Assigned task
You are asked to copy the entire listing exactly, apart from its pictures.

Source data
==========

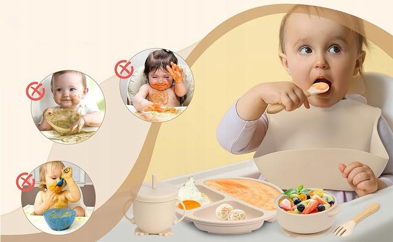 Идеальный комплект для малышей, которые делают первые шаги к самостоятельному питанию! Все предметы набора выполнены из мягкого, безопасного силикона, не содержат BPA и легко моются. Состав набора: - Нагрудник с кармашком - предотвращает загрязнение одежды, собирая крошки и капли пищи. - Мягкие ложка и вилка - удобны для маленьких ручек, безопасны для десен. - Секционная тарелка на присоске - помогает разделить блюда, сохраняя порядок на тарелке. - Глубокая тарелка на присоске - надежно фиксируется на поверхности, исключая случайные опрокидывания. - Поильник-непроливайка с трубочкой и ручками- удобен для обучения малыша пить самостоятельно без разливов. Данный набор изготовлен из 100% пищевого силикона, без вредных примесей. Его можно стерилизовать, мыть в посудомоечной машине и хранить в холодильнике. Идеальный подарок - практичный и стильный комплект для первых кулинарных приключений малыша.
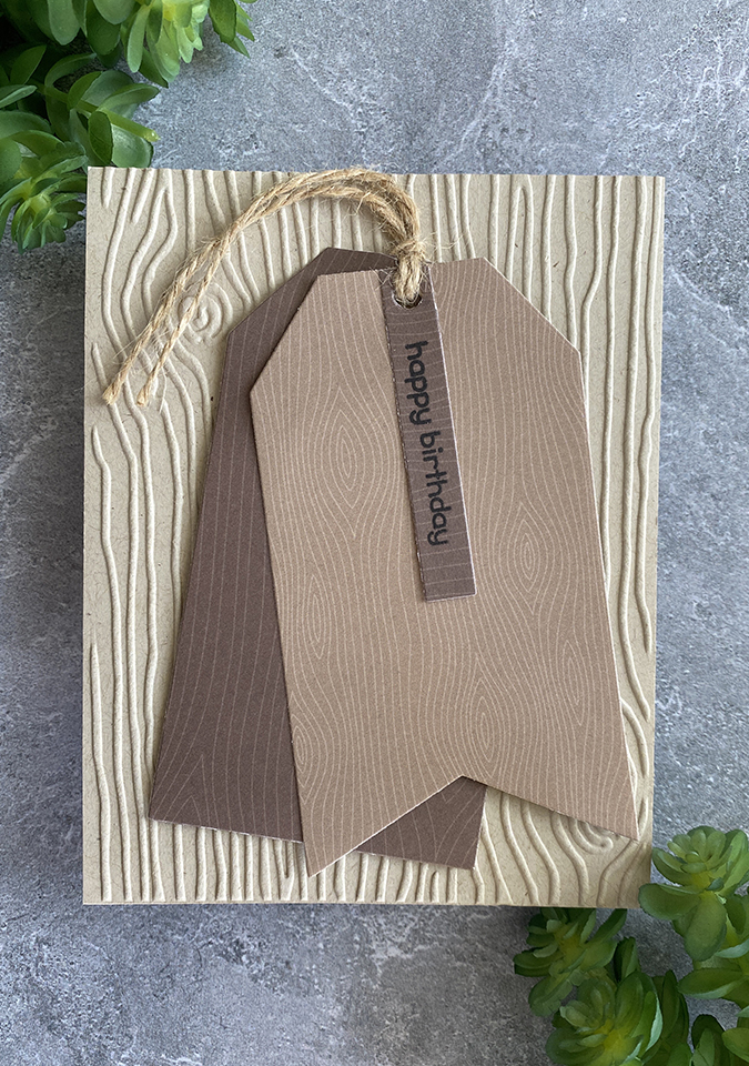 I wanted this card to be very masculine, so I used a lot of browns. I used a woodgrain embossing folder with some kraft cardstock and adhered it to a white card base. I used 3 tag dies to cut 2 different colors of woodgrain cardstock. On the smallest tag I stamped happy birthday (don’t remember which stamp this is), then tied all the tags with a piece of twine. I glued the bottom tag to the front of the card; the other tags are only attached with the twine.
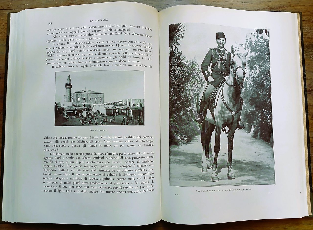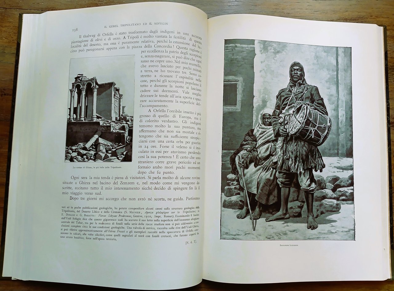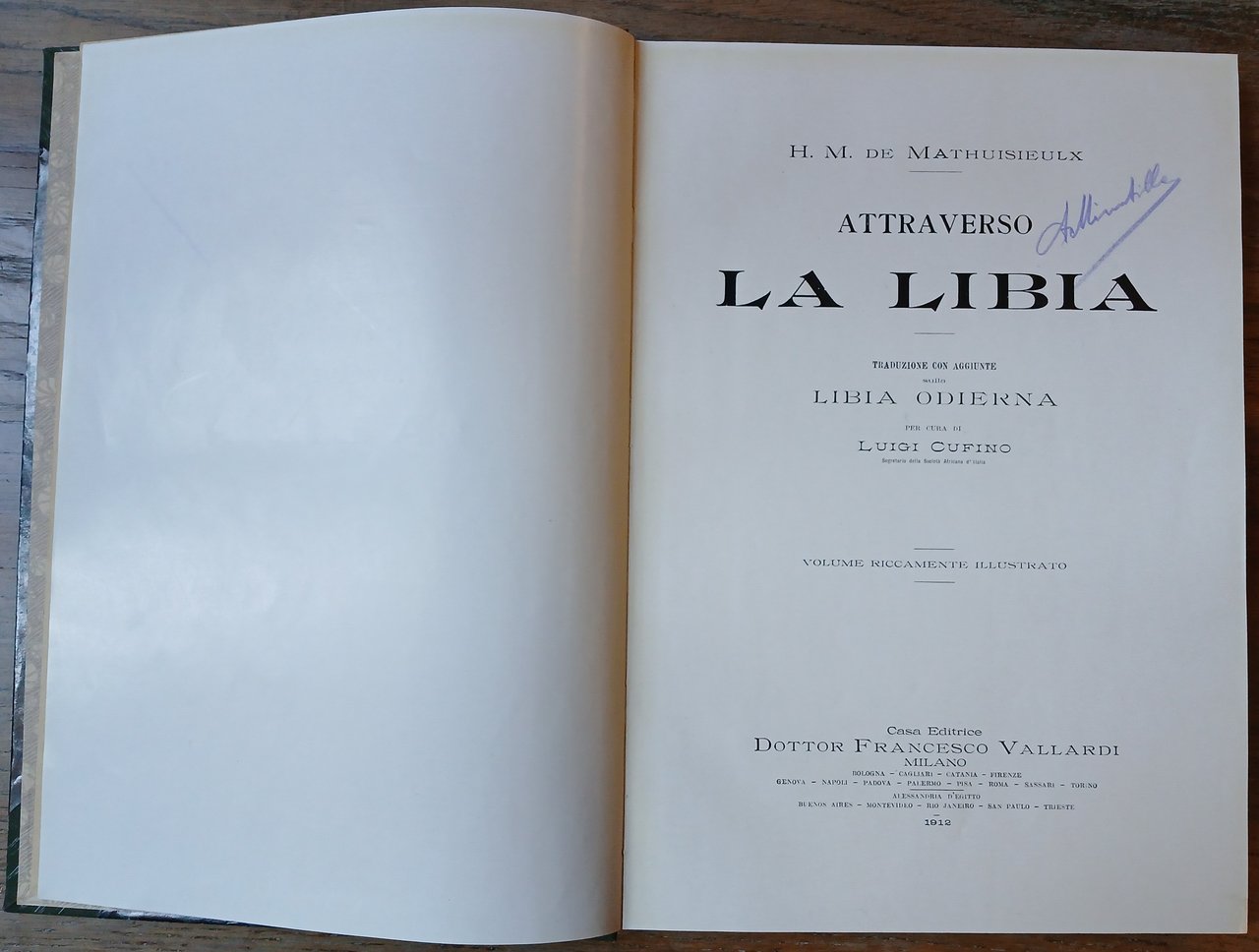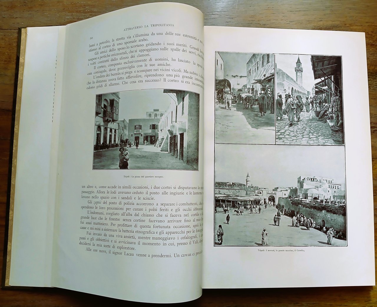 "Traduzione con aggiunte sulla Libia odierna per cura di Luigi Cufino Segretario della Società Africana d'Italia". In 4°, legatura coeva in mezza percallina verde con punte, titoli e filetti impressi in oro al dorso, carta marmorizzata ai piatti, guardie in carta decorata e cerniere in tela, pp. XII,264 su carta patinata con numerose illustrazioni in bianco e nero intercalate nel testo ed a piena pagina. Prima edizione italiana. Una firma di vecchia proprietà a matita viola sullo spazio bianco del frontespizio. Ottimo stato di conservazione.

==========

Solution for this problem
 Идеальный комплект для малышей, которые делают первые шаги к самостоятельному питанию! Все предметы набора выполнены из мягкого, безопасного силикона, не содержат BPA и легко моются. Состав набора: - Нагрудник с кармашком - предотвращает загрязнение одежды, собирая крошки и капли пищи. - Мягкие ложка и вилка - удобны для маленьких ручек, безопасны для десен. - Секционная тарелка на присоске - помогает разделить блюда, сохраняя порядок на тарелке. - Глубокая тарелка на присоске - надежно фиксируется на поверхности, исключая случайные опрокидывания. - Поильник-непроливайка с трубочкой и ручками- удобен для обучения малыша пить самостоятельно без разливов. Данный набор изготовлен из 100% пищевого силикона, без вредных примесей. Его можно стерилизовать, мыть в посудомоечной машине и хранить в холодильнике. Идеальный подарок - практичный и стильный комплект для первых кулинарных приключений малыша.
 I wanted this card to be very masculine, so I used a lot of browns. I used a woodgrain embossing folder with some kraft cardstock and adhered it to a white card base. I used 3 tag dies to cut 2 different colors of woodgrain cardstock. On the smallest tag I stamped happy birthday (don’t remember which stamp this is), then tied all the tags with a piece of twine. I glued the bottom tag to the front of the card; the other tags are only attached with the twine.
 "Traduzione con aggiunte sulla Libia odierna per cura di Luigi Cufino Segretario della Società Africana d'Italia". In 4°, legatura coeva in mezza percallina verde con punte, titoli e filetti impressi in oro al dorso, carta marmorizzata ai piatti, guardie in carta decorata e cerniere in tela, pp. XII,264 su carta patinata con numerose illustrazioni in bianco e nero intercalate nel testo ed a piena pagina. Prima edizione italiana. Una firma di vecchia proprietà a matita viola sullo spazio bianco del frontespizio. Ottimo stato di conservazione.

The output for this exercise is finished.